Woher die Möbel und andere nützliche Dinge, wenn es weit und breit weder ein Broki noch eine Ikea gibt? Durch unser grosses Beziehungsnetz, welches sich nach mehreren Jahren Afrika ergibt, wurden wir reich beschenkt. Natürlich ein grosser Teil aus der Schweiz – wo via Schiffskontainer Kajütenbetten, Kinderwagen, Laufgitter, Dreiräder, Spielsachen und viele Kleider – uns mitten im Jahr an Weihnachten mahnte!
Eine grosse Herausforderung war auch für mich, die Mitarbeiterinnen, inzwischen Fünf, in allgemeiner Hygiene, Kinder und Babypflege auszubilden. Zum Beispiel: Wie wird im neuen Haus das WC geputzt, wenn die Frauen bis anhin eine Buschtoilette benutzten.
Stets war es mein Anliegen an die Mitarbeiterinnen die Kinder zu betreuen, sich Zeit zu nehmen Wärme und Geborgenheit zu vermitteln. Denn allen dieser Kinder fehlt die Mutter.
Das Waisenhaus soll eine Überbrückung sein, die Kinder sollen, sobald sie selbständig sind, wenn möglich in die Verwandtschaft zurückgebracht werden. Vor meiner Rückreise konnten fünf Kinder zum Vater, der Grossmutter oder Tante zurückgegeben werden.
Über längere Zeit betreuten wir 17 Kinder in dem kleinen Haus. Die Kinderbetten waren allesamt doppelt belegt, für kurze Zeit kam ein Winzling als drittes Kind in ein Bettchen.

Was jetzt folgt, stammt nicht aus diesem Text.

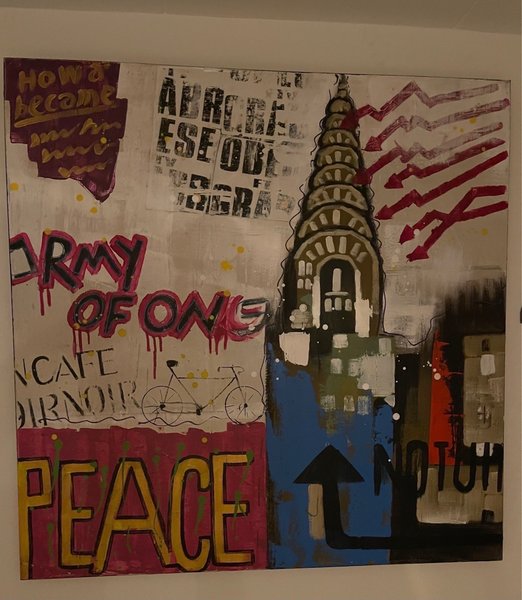 En stor fin färgglad tavla med motiv av byggnad, text och pilar i nyskick. MVH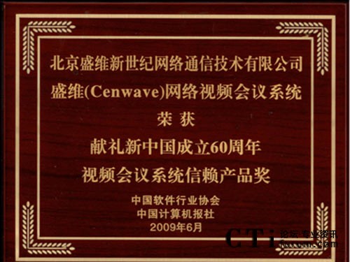 在剛剛結(jié)束的第十三屆中國(guó)國(guó)際軟件博覽會(huì)(以下簡(jiǎn)稱軟博會(huì))上,盛維(Cenwave)新世紀(jì)應(yīng)邀出席了2009中國(guó)軟件服務(wù)業(yè)發(fā)展高峰論壇暨開幕式,并且核心產(chǎn)品盛維(Cenwave)網(wǎng)絡(luò)視頻會(huì)議系統(tǒng)榮膺“獻(xiàn)禮新中國(guó)成立60周年•中國(guó)軟件行業(yè)視頻會(huì)議系統(tǒng)信賴產(chǎn)品獎(jiǎng)”。這一經(jīng)過企業(yè)申報(bào)、候選投票、專家評(píng)審、發(fā)布頒獎(jiǎng)等嚴(yán)格流程評(píng)選出來的獎(jiǎng)項(xiàng),傳達(dá)了用戶的真實(shí)心聲,反映了盛維(Cenwave)網(wǎng)絡(luò)視頻會(huì)議系統(tǒng)已經(jīng)被越來越多的客戶所信任。

Unser Waisenhaus, eine ganz normale Grossfamilie. Wo gestritten wird, um sich kurze Zeit später wieder zu vertragen. Wo einige Kinder die Schule besuchen, bzw. den Kindergarten.
Die Aufgabe hat mich sehr erfüllt. Der Abschied nach fünf Jahren fiel schwer von den Kindern wie auch von den Mitarbeiterinnen. Ganz klar, dass auch ich viel profitiert habe, konnte ich doch eine mir fremde Kultur und Vieles mehr kennen lernen.